Everyone has a deep sorrow or sometimes it is experienced as fear – somewhere in their psyche or soul or mind or heart – I don’t know if it can be in all those various locations but it is tenacious in its grip and terrifying in its revelations. When we feel this sadness it is so profound that we will do anything not to go into its depths – for fear of not emerging. So we run from it, or try to cover it up, or try to feed it, or try to silence it, etc.
But it cannot be evaded or satisfied or silenced. That night before I quit smoking, my question to the universe was “what can I do to make my life better?” or in other words, how can I be happy. The answer was to stop smoking. Not that not smoking was going to make me happy but that I could not understand how to be happy unless I stopped smoking. In other words until I stopped running away, until I lived with this great loneliness, this great sorrow, I would not be able to transcend it.
The existential question is “What can I do to make ‘me’ happy?” But it is a trick question.
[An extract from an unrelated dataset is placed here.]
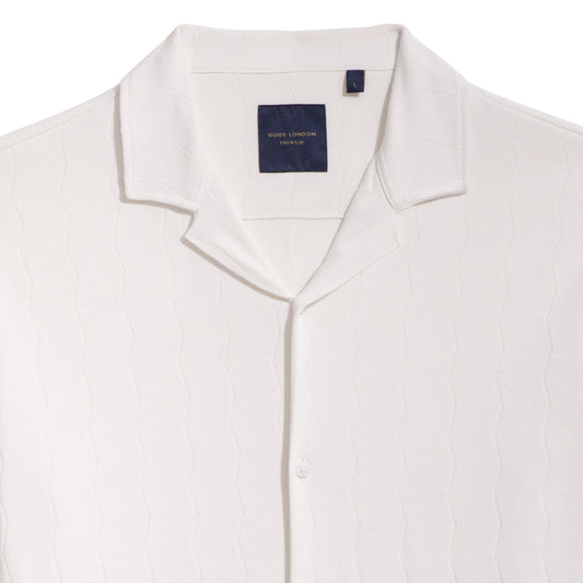 GUIDE London - Short Sleeve Knitted Button Through Revere Collar Jersey Shirt / Ecru - HS2829

Who is the “I” who feels it must act, and who is the “me” who is demanding to be happy? I know for sure that the ‘me’ is the ego, that self-centered, frightened, survival-dominated part of my mind who never has enough love or safety or possessions or security. If this ‘me’ can never be happy or satisfied, or no thing ever satisfies the ‘me’, then why do “I” go on trying?
How can I make tomorrow better than today? How can I pursue happiness? Isn’t happiness another illusion? Isn’t it a temporary state that some times exists because the ‘wanting’ is temporarily silenced and when that desire is satisfied another soon rises in its place. It is not in the nature of the ‘me,’ of the ego to ever be satisfied.
When smoking no longer temporarily silenced the wanting, there was nothing left to do. There were no more pain killers. The pain must be lived with on a daily basis, side by side, shoulder to shoulder. It is only in living with pain that we can see through it.